In this talk John Mount of Win-Vector, LLC will demonstrate the CRAN package rquery, and the new package rqdatatable.
rquery is a query generator for R based on Edgar F. Codd's relational algebra, and on production experience using SQL and dplyr at big data scale. rquery is powerful, easy to teach, has error checking, and basic query optimization. It is the fastest way to manipulate remote big data from R, for example data found on PostgreSQL or Spark. rqdatatable is a new package that implements the rquery grammar in memory using the data.table package. This allows the same rquery pipeline to be used remotely. such as on Spark, and for in-memory data. rqdatatable transforms are usually nearly as fast as native data.table code and usually much faster than the equivalent base-R or dplyr code.
These packages can save substantial development and infrastructure costs.
John Mount is a principal consultant at Win-Vector LLC. He is a frequent writer, speaker, and R package contributor. He is one of the authors of the popular book "Practical Data Science with R" (Zumel, Mount; Manning 2014). John has a Ph.D. in computer science from Carnegie Mellon University.
Win-Vector LLC is a San Francisco based data science consulting company.
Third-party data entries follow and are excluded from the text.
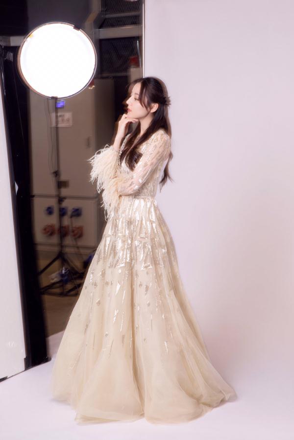 全身照很惊艳,长长的裙摆拖地,真是仿佛中世纪城堡里的优雅公主,乳白色的长裙美出了梦幻般的色彩,闪闪发光,整个人都笼罩在一种梦境中,热巴你也太美了,连女孩子都要爱上你了。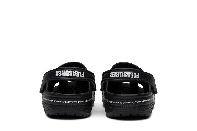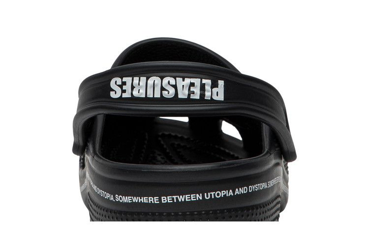 Представленная в августе 2019 года модель Pleasures x Crocs Clog 'Utopia Dystopia' черпает вдохновение в таких предметах кастомизации молодежной субкультуры, как кожаные куртки и рюкзаки. Черный верх сандалий украшен брелоками Jibbitz, демонстрирующими мотивы из архива бренда. Другие графические элементы включают брендинг вдоль ремешка на заднике и надпись "SOMEWHERE BETWEEN UTOPIA AND DYSTOPIA" белым шрифтом вокруг межподошвы.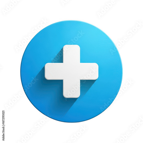 Obraz premium White plus sign on blue circle isolated on transparent background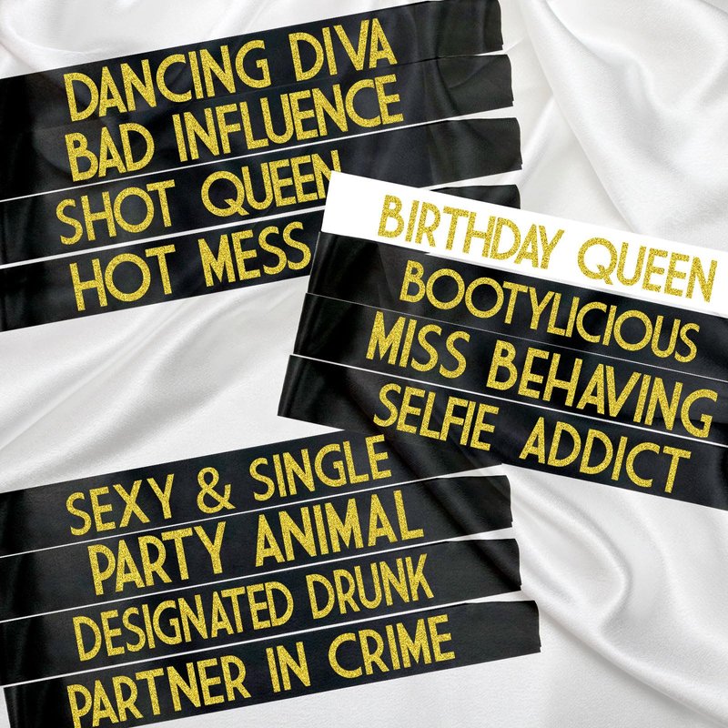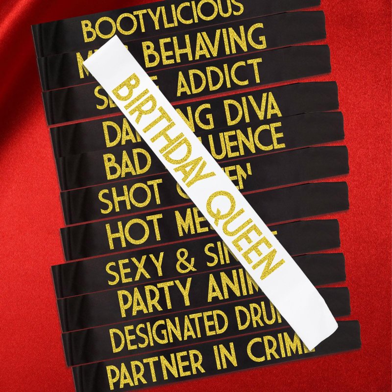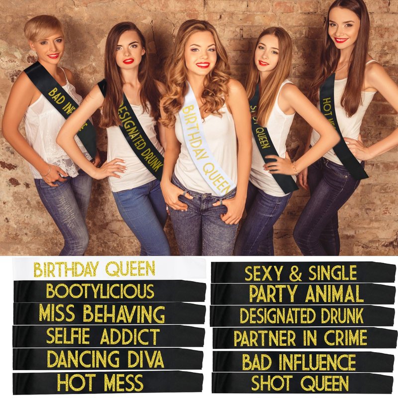 - 🎂【FUNNY SASHES FOR BIRTHDAY PARTY】12 Funny Glitter Birthday Sashes: 1 "BIRTHDAY QUEEN" 2 "SEXY & SINGLE" 3 "DANCING DIVA" 4 "MISS BEHAVING" 5 "DESIGNATED DRUNK" 6 "BOOTYLICIOUS 7 "SELFIE ADDICT" 8 "BAD INFLUENCE" 9 "HOT MESS" 10 "SHOT QUEEN" 11 "PARTNER IN CRIME" 12 "PARTY ANIMAL". Enjoy a memorable birthday with this sashes. You can upgrade your Sweet 16 Party, 18th Birthday Party, 21st Celebration, Dirty 30 or any other birthday parties.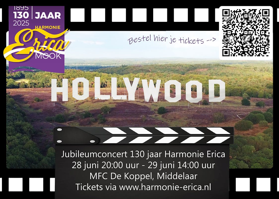Harmonie Erica is 130 jaar! Dat vieren we met niet één, maar twee jubileumconcerten in Hollywood-thema. Kom genieten van muziek en film op zaterdag 28 juni om 20.00 uur (zaal open om 19.00 uur) en/of op zondag 29 juni om 14.00 uur (zaal open om 13.00 uur) in MFC De Koppel in Middelaar.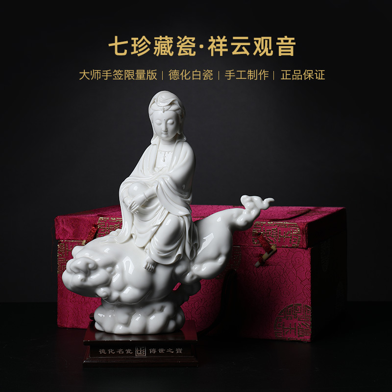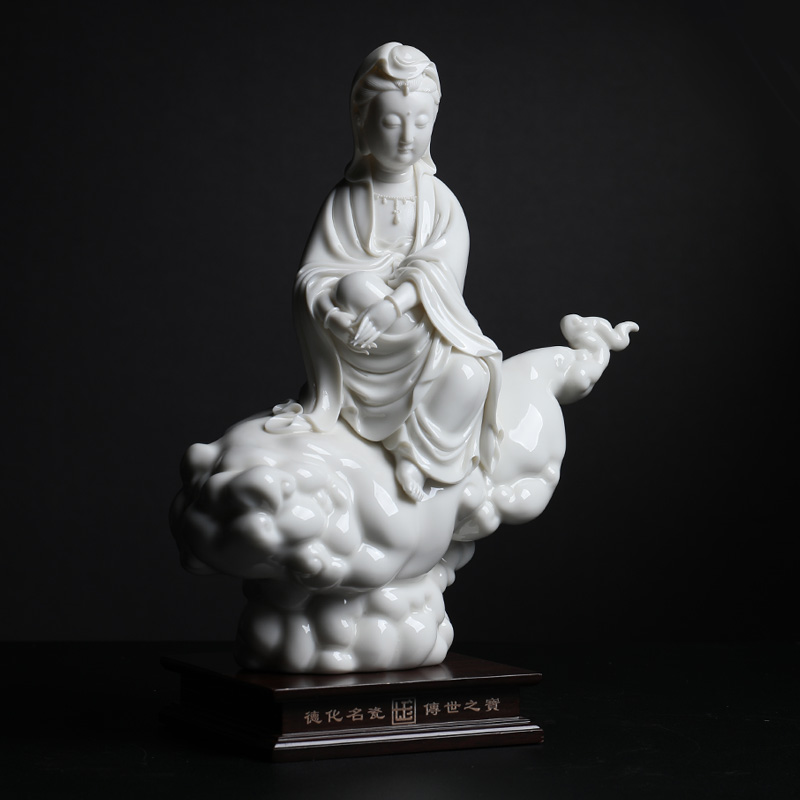 Dai Yutang Ceramic Decoration "Auspicious Clouds Free Water Moon Goddess of Mercy" Su Xianzhong Dehua White Porcelain Buddha Artwork
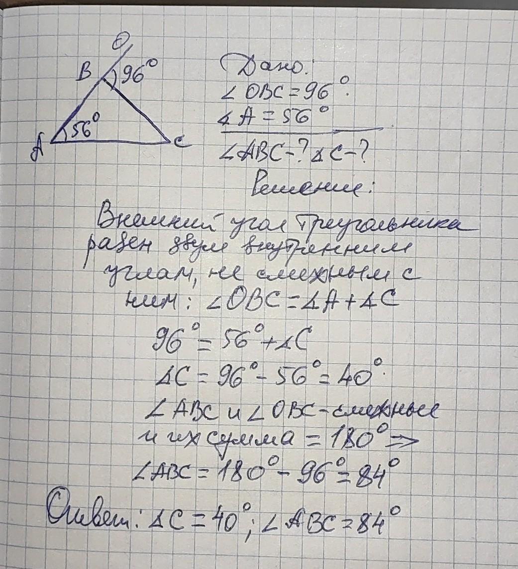 2. Зовнішній кут трикутника 96°, а один із внутрішніх 56°. Знайти кути трикутника.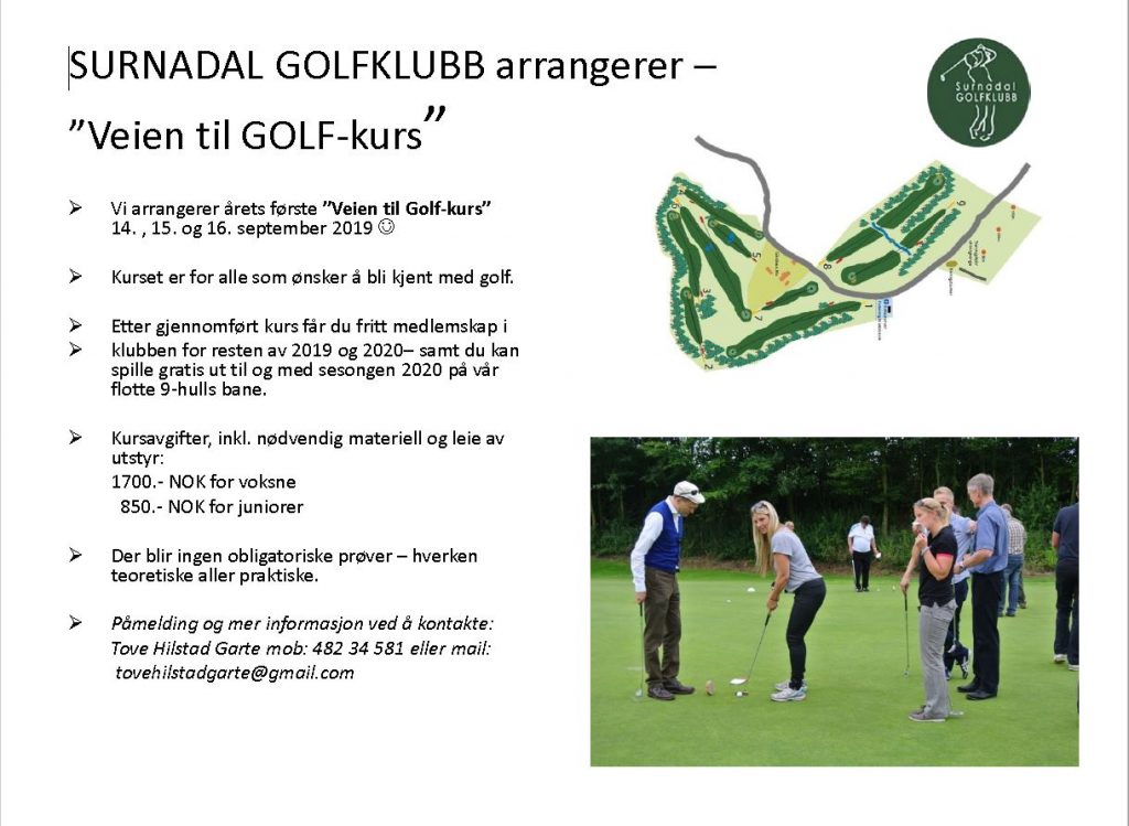 Se «plakaten» nedenfor – og tips gjerne venner og kjente (som kanskje ikke er inne på golfklubbens hjemmesider så ofte) – så får vi fylt opp kurset med mange ivrige nye golfere 🙂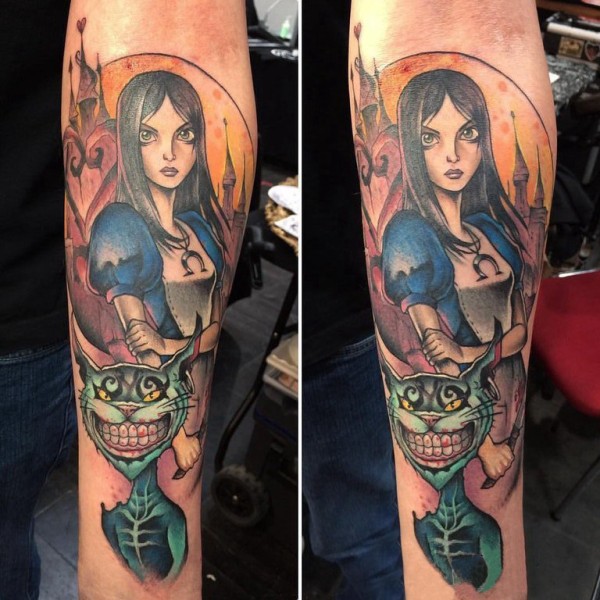 男生手臂上彩绘水彩素描女生人物纹身图片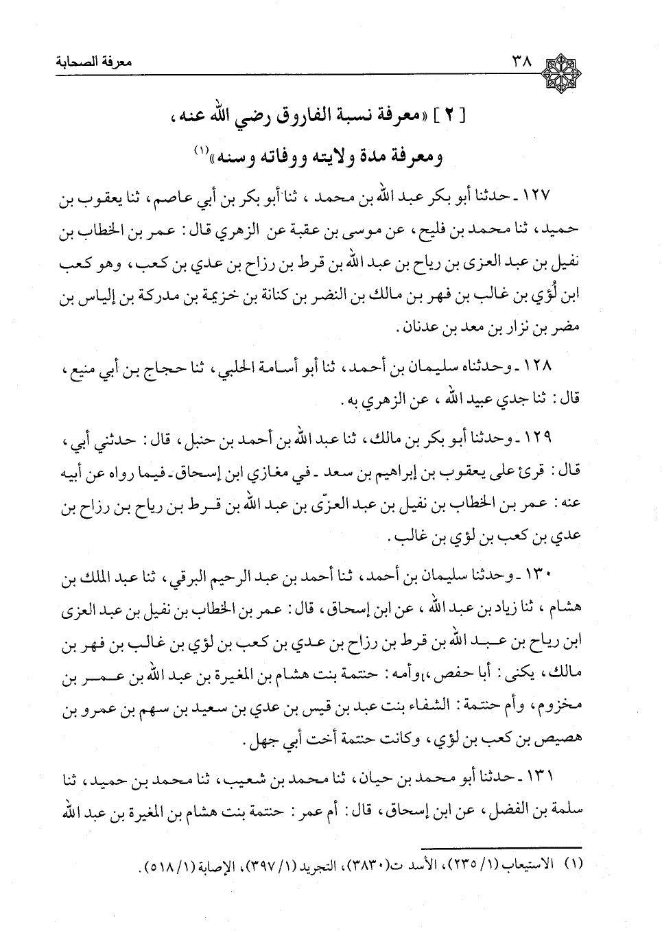 127 - حَدَّثَنَا أَبُو بَكْرٍ عَبْدُ اللهِ بْنُ مُحَمَّدٍ، ثَنَا أَبُو بَكْرِ بْنُ أَبِي عَاصِمٍ، ثَنَا يَعْقُوبُ بْنُ حُمَيْدٍ، ثَنَا مُحَمَّدُ بْنُ فُلَيْحٍ، عَنْ مُوسَى بْنِ عُقْبَةَ، عَنِ الزُّهْرِيِّ، قَالَ: §«عُمَرُ بْنُ الْخَطَّابِ بْنِ نُفَيْلِ بْنِ عَبْدِ الْعُزَّى بْنِ رِيَاحِ بْنِ عَبْدِ اللهِ بْنِ قُرْطِ بْنِ رَزَاحِ بْنِ عَدِيِّ بْنِ كَعْبٍ، وَهُوَ كَعْبُ بْنُ لُؤَيِّ بْنِ غَالِبِ بْنِ فِهْرِ بْنِ مَالِكِ بْنِ النَّضْرِ بْنِ كِنَانَةَ بْنِ خُزَيْمَةَ بْنِ مُدْرِكَةَ بْنَ إِلْيَاسَ بْنَ مُضَرَ بْنِ نِزَارِ بْنِ مَعْدِ بْنِ عَدْنَانَ»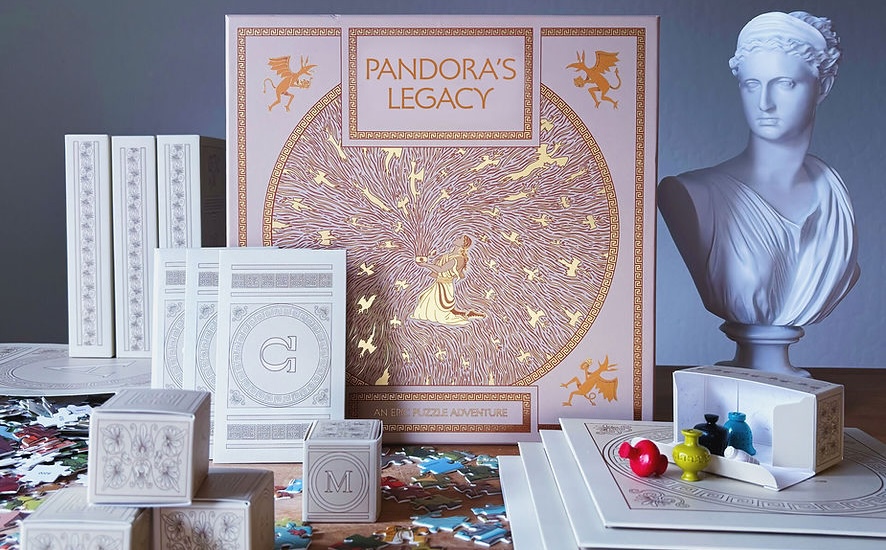 “Playing as Pandora, with the help (and hindrance) of your favorite Olympians, your mission is to corral the chaos you created when you opened the box. From TED Games, PANDORA’S LEGACY is an unforgettable experience that combines elements of jigsaw puzzles, escape rooms, puzzle hunts, and legacy board games into immersive, cooperative gameplay. Assemble pieces. Decode riddles. Uncover artifacts. Save the realm.”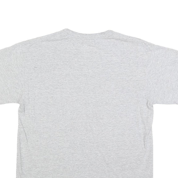 Made from a comfortable cotton blend fabric, this tee offers a soft and breathable feel ideal for casual wear. It has a classic crew neck and short sleeves with a regular fit that drapes nicely without being too tight or loose. The back of the T-shirt is plain grey with no graphics or branding.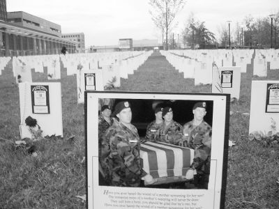 照片:费城独立宫前的伊战美军亡灵。伊战目前的困境使人们把批评的矛头都指向了拉姆斯菲尔德。林东摄

Win-Vector LLC supports the important R packages vtreat, wrapr, rquery, and many more. It also hosts the popular Win-Vector blog, a technical resource used by many data scientists. Win-Vector LLC supplies consulting and training especially for projects involving R, statistics, machine learning, big data, or Spark. Past clients include Deliotte, EMC, Intuit, Genentech, Microsoft, SalesForce, and Zions Bank. Win-Vector LLC can be reached by writing to John Mount at [masked] . We are especially interested in new clients who want consulting or training on using the Win-Vector packages.
6:00 Doors open - socializing & individual questions
6:25 Announcements & Introduction
7:45 Wrap up & socializing
8:00 Out the door!